Perhaps the greatest risk inherent in the crisis on campus is to behave as if there is no crisis at all. And this is more common than we would like to think.
Plunging public investment, the overproduction of PhD degrees, and unsustainable endowment investment portfolios are not minor problems. Yet there is little in the way of actual educational reform within the university system to respond to these trends. So it is essential to have books like Prof. Mark Taylor’s Crisis on Campus explicating just how serious the situation is.
Although the book ranges over a wide variety of topics, I would like to raise some questions regarding the potential risks of academic collaboration with the private sector. Taylor candidly admits that such collaboration is one of his more controversial reform proposals.

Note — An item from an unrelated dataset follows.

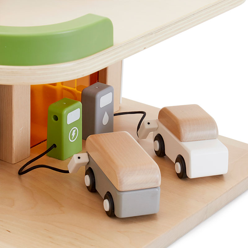用木制带电梯停车服务区来增强任何积木小镇的游戏体验。3岁及以上的 儿童可以通过使用洗车站、加油泵和电动汽车充电站进行戏剧性的游戏和 讲故事,然后让汽车沿着包括的斜坡或电梯飞速行驶。简化的木制汽车和 漂亮的彩色亚克力细节完美地补充了这套玩具。
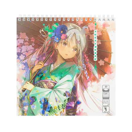 Скетчбук Prof-Press Девушка с зонтиком 40 листов на гребне плотность 150г/м2 жесткая подложка 190х190 мм

Would an increased alliance with for-profit businesses–and therefore an increased reliance upon them–really resolve the forces driving critical trends? Or might it exacerbate them?
How can the crisis on campus be secured by alliance with something as insecure as the marketplace? I ask this in all seriousness because of three interlocking trends enclosing Taylor’s recommendation when paired with the current practices of big business:
- Unregulated pursuit of profit has led to the plunge in public investment in higher education.
- The desire for excess gain has driven the possibility of unsustainable investment returns.
- A ‘more is better’ mentality implicitly justifies an uncritical acceptance of the overproduction of PhD’s as an index of academic success.
In the pursuit of profitable technology transfer opportunities, what might be lost if the academic enterprise is governed under the model of an R&D lab?